::: Records supplied :::
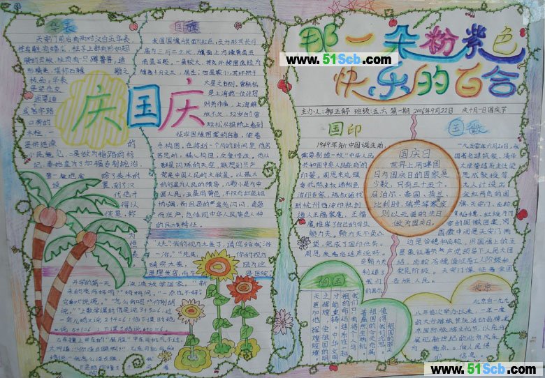 庆国庆节手抄报—那一朵粉紫色快乐的百合
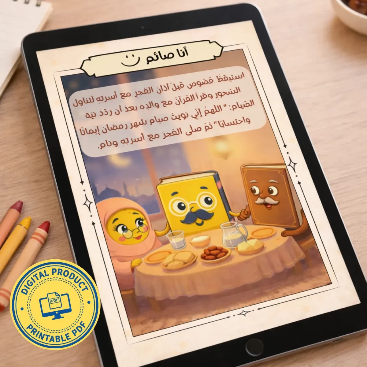 تم تصميم المحتوى بعناية ليناسب الطفل نفسيًا ولغويًا، مع رسومات ناعمة وألوان هادئة تشجّع على التفاعل والهدوء.
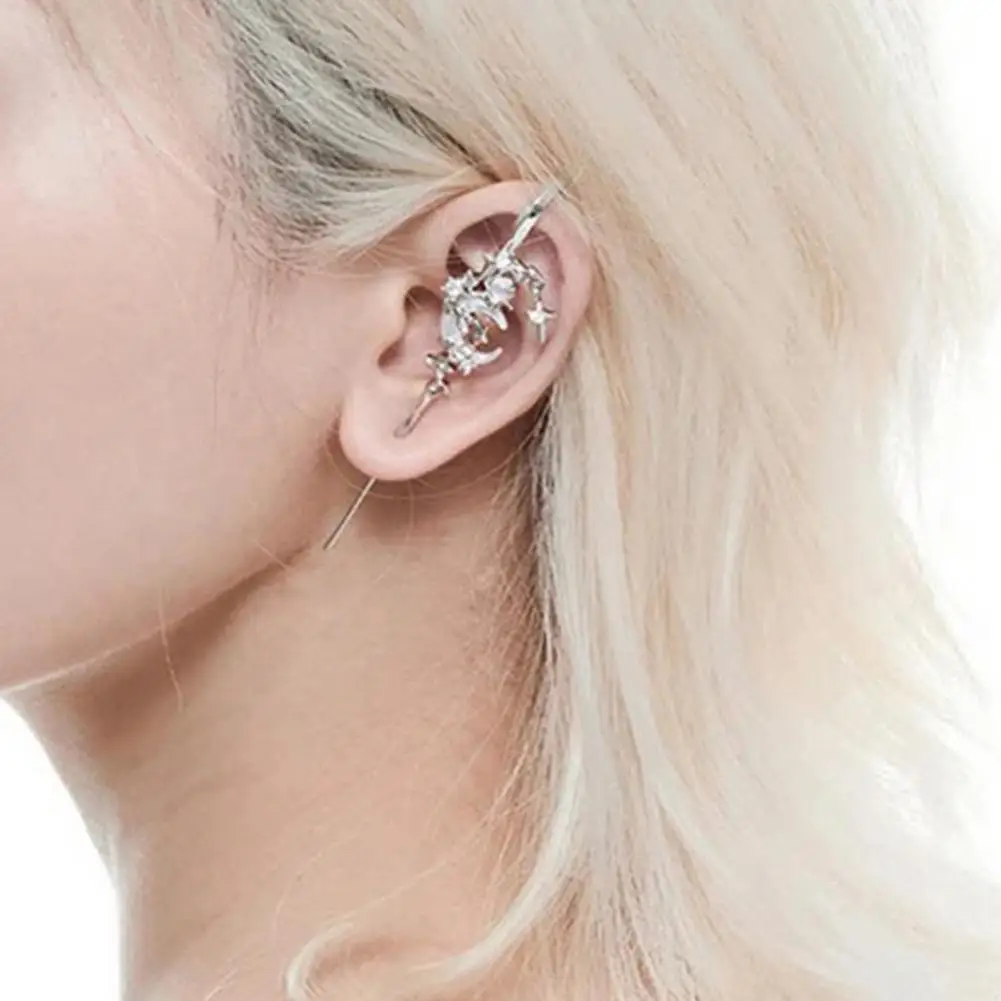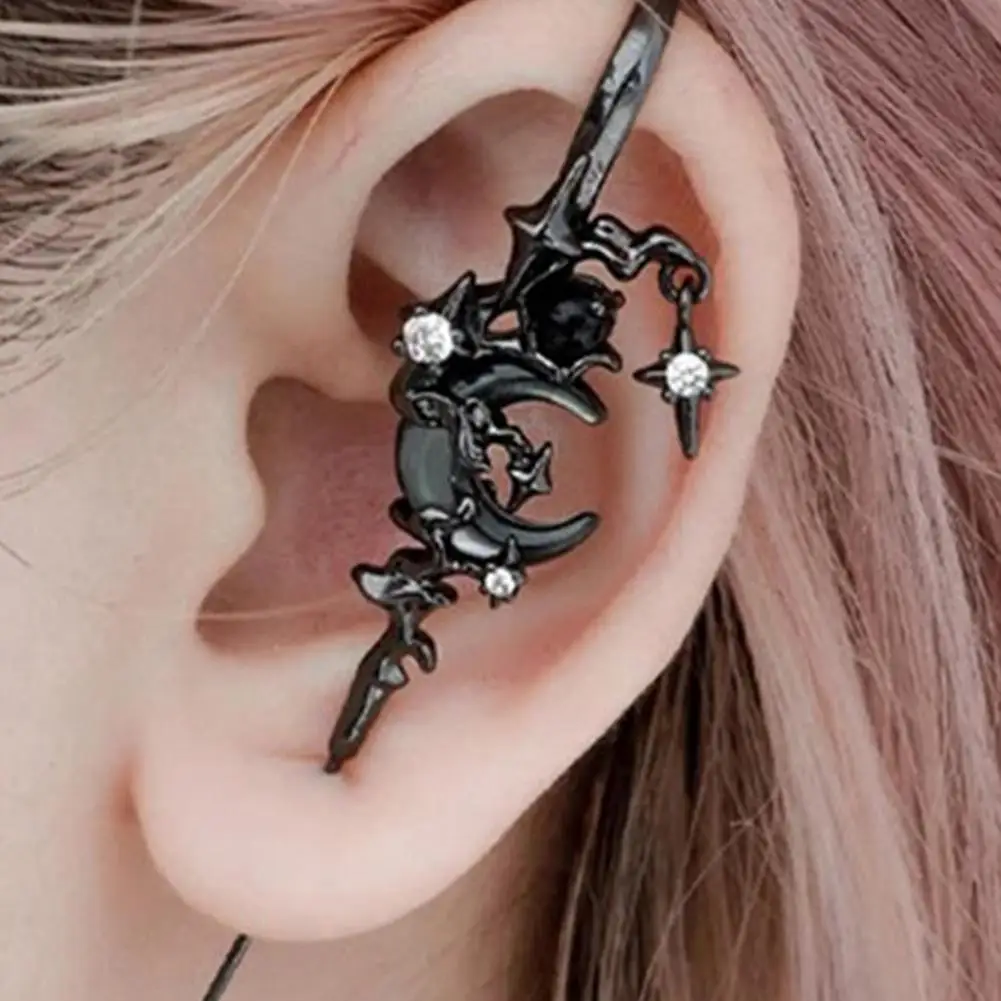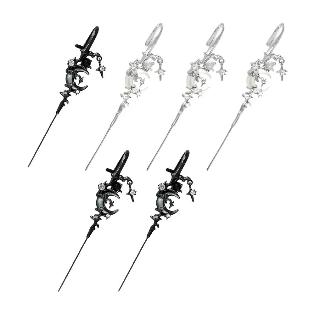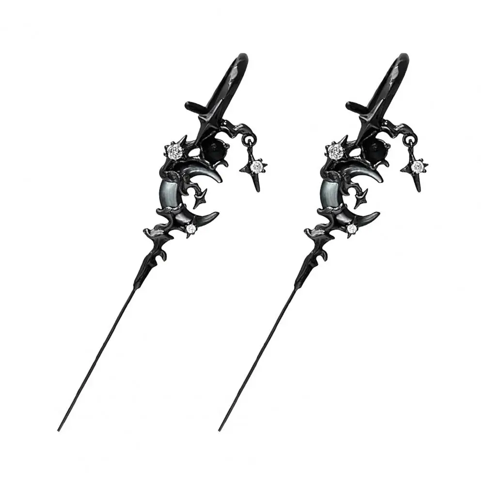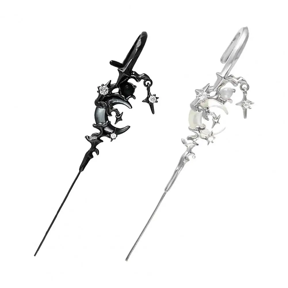 1 Pair Ear Needles Myth of The Moon Punk Rock Dark Style Individual Piercing Earrings Star Moon Ear Cuffs Club Party Jewelry
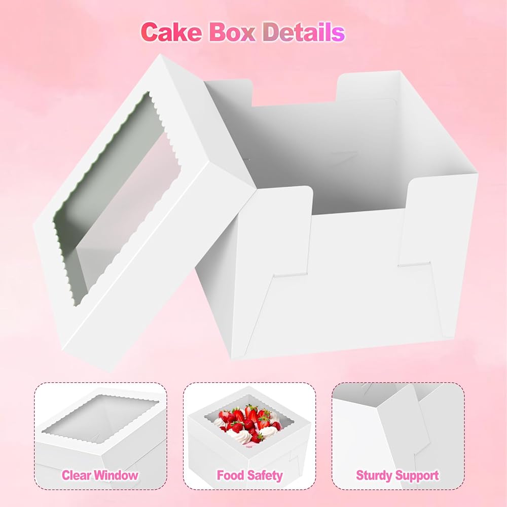 【قوية وآمنة】 مصنوعة من ورق مقوى سميك ومتين، توفر صناديق الكعك هذه حماية فائقة لديكورات الكعك الرقيقة والصقيع، مما يضمن النقل الآمن للكعك الجميل.
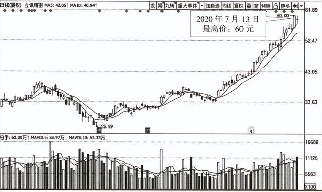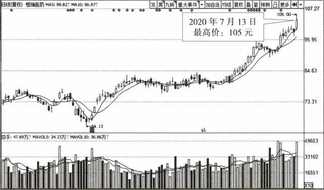如圖所示,恒瑞醫(yī)藥的股價在2020年上半年隨著股市的大幅上攻 同步上漲并不斷創(chuàng)下新高。2020年7月13日,恒瑞醫(yī)藥創(chuàng)下了 105元的階 段高點。通過我們對恒瑞醫(yī)藥內(nèi)在價值的分析可知,在分紅配股后,恒瑞醫(yī) 藥的每股內(nèi)在價值不應該超過31.78元,而此時股價卻已經(jīng)上升至105元的 高位,說明股價存在一定的高估。
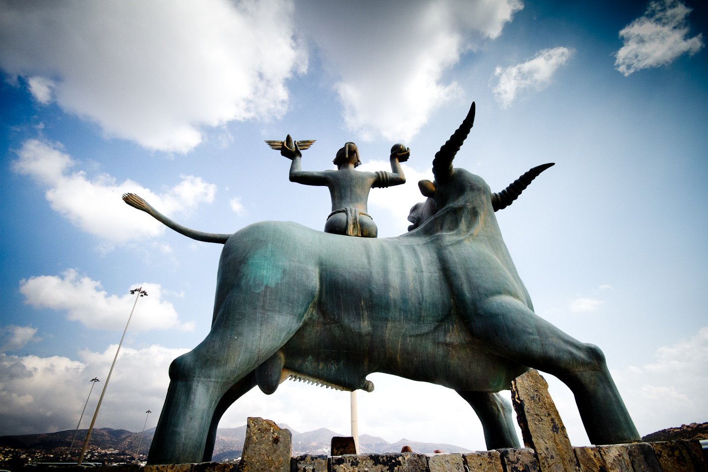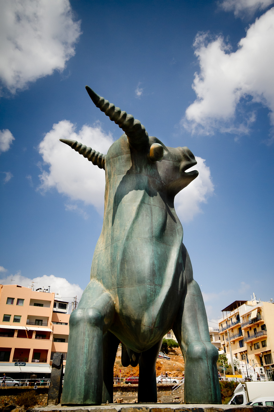 That is the myth that gave it’s name to the continent of Europe and the inspiration for a 4 meters in height and about 6 tons in weight brass statue that you can see if you visit the town of Agios Nikolaos on the east side of the island of Crete in Greece. A second statue made by the same Cretan artists is in front of the European Parliament in Strasbourg. This pair of sculptures is meant to symbolize the unity of the European civilization.
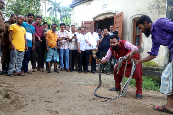সাপুড়ে মো. বোরহান উদ্দিন জালালী বলেন, খবর পেয়ে ঘটনাস্থলে এসে কড়ি চালান দিয়ে বুঝতে পারি অনেকগুলো বিষধর সাপ আছে এখানে। পরে ২টি বিষধর গোখরা সাপসহ ৬টি সাপ উদ্ধার করা সম্ভব হয়।
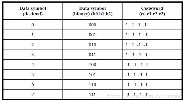 但这样生成的符号流并不直接用于传输,而是进行一次数据符号(data symbol)到双正交码字(bi-orthogonal codeword)的变换。采用双正交码字可以减少互相干扰和多径效应的影响,在802.15.4a中为数据速率1Mb/s的传输定义了以下的符号转化表。
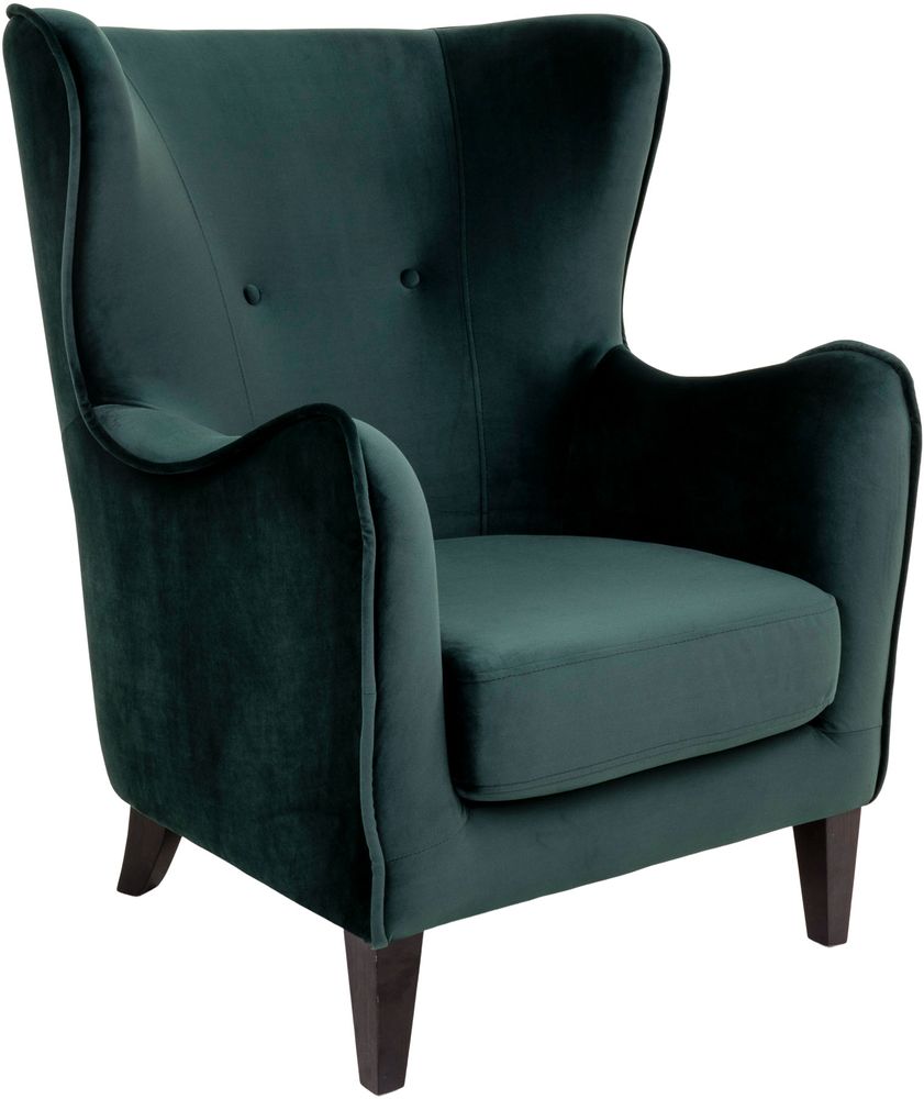 Nojatuoli tummanvihreää veluuria, mustat jalat.
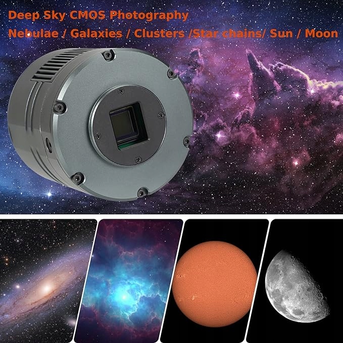 IMX533 Квадратный датчик цвета размером 1 дюйм; высокое разрешение 3008х3008 и размер пикселя 3,76 мкм; получать цветные астрономические изображения высокого разрешения; легко делать цветные фотографии объектов глубокого космоса, таких как туманности; галактики и звездные скопления
:::
Work instructions = Please reproduce each entry exactly as given and omit the pictures.

Exercise answer =
 庆国庆节手抄报—那一朵粉紫色快乐的百合
 تم تصميم المحتوى بعناية ليناسب الطفل نفسيًا ولغويًا، مع رسومات ناعمة وألوان هادئة تشجّع على التفاعل والهدوء.
 1 Pair Ear Needles Myth of The Moon Punk Rock Dark Style Individual Piercing Earrings Star Moon Ear Cuffs Club Party Jewelry
 【قوية وآمنة】 مصنوعة من ورق مقوى سميك ومتين، توفر صناديق الكعك هذه حماية فائقة لديكورات الكعك الرقيقة والصقيع، مما يضمن النقل الآمن للكعك الجميل.
如圖所示,恒瑞醫(yī)藥的股價在2020年上半年隨著股市的大幅上攻 同步上漲并不斷創(chuàng)下新高。2020年7月13日,恒瑞醫(yī)藥創(chuàng)下了 105元的階 段高點。通過我們對恒瑞醫(yī)藥內(nèi)在價值的分析可知,在分紅配股后,恒瑞醫(yī) 藥的每股內(nèi)在價值不應該超過31.78元,而此時股價卻已經(jīng)上升至105元的 高位,說明股價存在一定的高估。
 That is the myth that gave it’s name to the continent of Europe and the inspiration for a 4 meters in height and about 6 tons in weight brass statue that you can see if you visit the town of Agios Nikolaos on the east side of the island of Crete in Greece. A second statue made by the same Cretan artists is in front of the European Parliament in Strasbourg. This pair of sculptures is meant to symbolize the unity of the European civilization.
সাপুড়ে মো. বোরহান উদ্দিন জালালী বলেন, খবর পেয়ে ঘটনাস্থলে এসে কড়ি চালান দিয়ে বুঝতে পারি অনেকগুলো বিষধর সাপ আছে এখানে। পরে ২টি বিষধর গোখরা সাপসহ ৬টি সাপ উদ্ধার করা সম্ভব হয়।
 但这样生成的符号流并不直接用于传输,而是进行一次数据符号(data symbol)到双正交码字(bi-orthogonal codeword)的变换。采用双正交码字可以减少互相干扰和多径效应的影响,在802.15.4a中为数据速率1Mb/s的传输定义了以下的符号转化表。
 Nojatuoli tummanvihreää veluuria, mustat jalat.
 IMX533 Квадратный датчик цвета размером 1 дюйм; высокое разрешение 3008х3008 и размер пикселя 3,76 мкм; получать цветные астрономические изображения высокого разрешения; легко делать цветные фотографии объектов глубокого космоса, таких как туманности; галактики и звездные скопления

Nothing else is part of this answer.